1. Process for the preparation of a granulated plasticizing formulation characterized by comprising the following steps: a) Preparation of a mixture of 46% to 94% by mass of PLA and 6% to 54% by mass of an aliphatic and/or aromatic polyester and other agents;b) Feeding of said mixture obtained in (a) an extruder with extrusion temperatures ranging from 130° C. to 190° C. and elongation in a ratio ranging from a minimum of 1:5 to a maximum of 1:12 with an intermediate thermal treatment process with temperatures ranging from 85° C. to 120° C.

2. Process according to claim 1 characterized by said mixture containing 70% by mass of PLA.

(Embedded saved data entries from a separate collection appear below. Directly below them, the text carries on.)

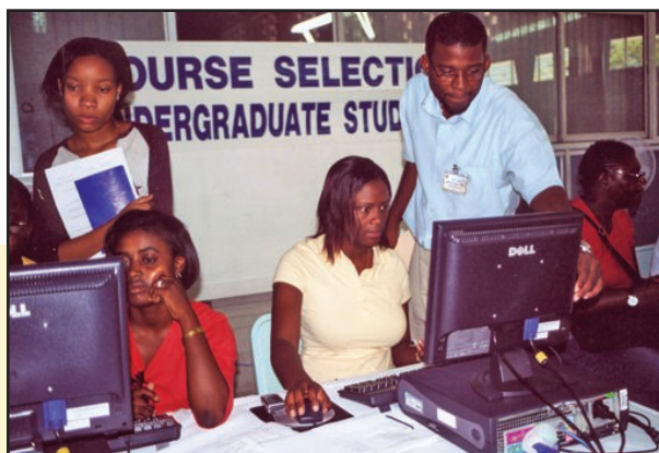
Undergraduate students doing course selection and completing registration online at one of many stations set up on the Campus.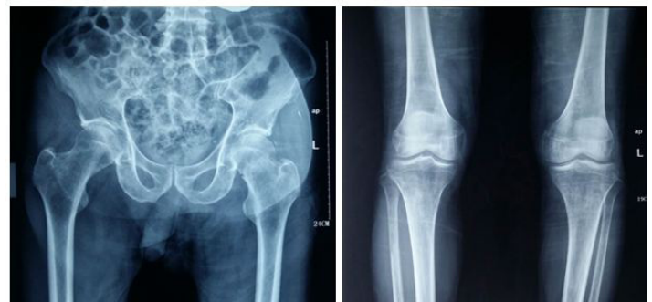
Figure 2: X-ray films of patients with knee osteoarthritis suffering from hip fractures. A was the patient's hip joint plain film, showed the right hip fracture; B was the patient's knee joint plain film, showed KL grade II.

Fracture side and the contralateral side knee were evaluated by KL classification, respectively: KL grade of fracture side was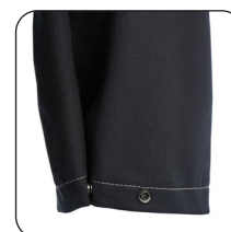
Popper Cuff Secure

3. Procedure according to claim 1 characterized by said mixture containing 30% by mass of an aliphatic and/or aromatic polyester and other agents.

4. Raffia-tape-type product characterized by being obtained from the formulation obtained in claim 1, and having a yield from 50 to 3,000 m/kg, a meterage from 321 to 1063.0 m/kg, an ultimate tensile strength from 13.6 to 75.0 kgf, an elongation from 6.1% to 20.2% and a tenacity from 0.0015146 to 0.0081931 gf/(m/kg).

5. Process for the production of the raffia-tape-type product claimed in claim 4, characterized by comprising the following steps: a) Feeding of the film obtained with the granulated plasticizing formulation of claim 5 in a flat-lip extruder with an extrusion temperature of 135° C. to 190° C.,b) Heat treatment of the film with a temperature of 95° C. to 115° C.,c) Elongation of the film, with an elongation ratio of 1:5 to 1:10, preferably 1:6,d) Division of the film into several tapes,e) Fibrillation of the tapes in a fibrillator,f) Collection of the tape in reels.

6. Monofilament-type product characterized by being obtained from the formulation obtained in claim 1.

7. Product according to claim 6, characterized by having a yield from 3.000 to 60.000 m/kg.

8. Process for the production of the monofilament-type product claimed in claim 6, characterized by comprising the following steps: a) Feeding of the monofilament obtained with the granulated plasticizing formulation of claim 5 in a monofilament extruder in a spinneret with an extrusion temperature of 135° C. to 180° C.;b) Wet heat treatment of the monofilament, with a temperature of 85° C. to 105° C., preferably 95° C., followed by a second dry heat treatment, with a temperature of 100° C. to 120° C., preferably 112° C., between drawing rollers;c) Monofilament elongation, in an elongation ratio of 1:5 to 1:12, preferably 1:7;d) Collection of the monofilament in reels.

9. Use of a product, as defined in claim 4, characterized by its use in the manufacturing of, for example, but not limited to, yarns, ropes, meshes, and nets.

10. Use of a product, as defined in claim 6, characterized by its use in the manufacturing of, for example, but not limited to, yarns, ropes, meshes, and nets.